UN News Centre: Given the amount of money involved in the illicit drug business, is it realistic to think that drug usage will be ever be brought under control?

Christopher Kennedy Lawford: I don’t ever think we’re ever going to get rid of them, these substances. But I do think that with education and with treatment we can make a huge difference. When I grew up we didn’t know anything about illicit drugs to the degree that we understand them today, so I engaged in this behaviour not knowing anything. My kids have had a different experience. They come from the same genetic pool that I did, they may have the disease in their blood just like I did, but they have me as their father and I have told them the facts. I have given them the information and they have made different decisions – it is possible with education to change the way people behave and it is possible with treatment to change the behaviour of people who have drug dependence. So I think we may never get rid of the substances, but we’ll certainly decrease demand. We’ve done it with smoking in my country and other countries around the world. We’ve completely, in 25 years, had a 180 degree change in the way society engages tobacco. We can do the same for drugs and alcohol.

UNODC Executive Director Yury Fedotov visiting the Jangalak Treatment Centre in Kabul, Afghanistan.

This is an issue like many health issues, certainly in my country, if you have money in the United States of America and you have a drug dependence, you can get help – but if you don’t, it’s more difficult. And that happens all over the world. There are countries where this is a huge problem and they are low- and middle-income countries, and they don’t have any resources for battling this and it’s sapping their strength. UNODC and some NGOs [non-governmental organizations] realize this and they’re the only ones who are working to help the governments and the people of the world who have less of the resources and the ability to deal with issues like this.
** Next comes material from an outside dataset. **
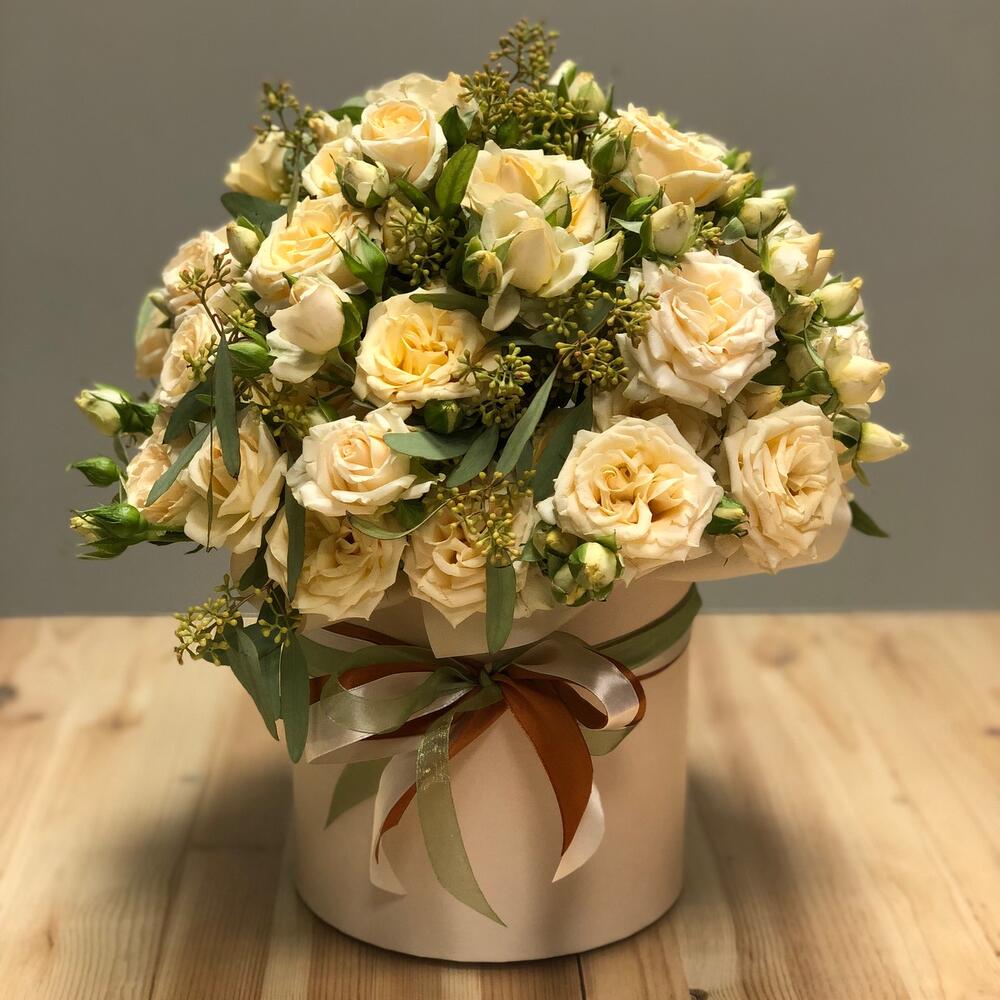 Роза кустовая – 11 шт.Эвкалипт – 3 шт.Шляпная коробка с лентами – 1 шт.Оазис флористический – 1 шт.Упаковка дизайнерская – 1 шт.

So I think we have to always remember – and this is one of the things that I hope to do – to remind us that there are folks in society who are marginalized and unable to access the kind of treatment and care that some others can to find their way to recovery, and we have to keep our eye on the underlying societal causes and conditions that keep people in that cycle of hopelessness and despair.

UN News Centre: Have you had a chance yet to get some tips for your new role from your fellow UNODC Goodwill Ambassador, Mira Sorvino?

Christopher Kennedy Lawford: I don’t know her that well, but I would love to talk to her about her experiences; this is a new role for me and I will get information from anybody that I can get information from and if they happen to be a beautiful actress who is also the daughter of a friend of mine, I’d love that.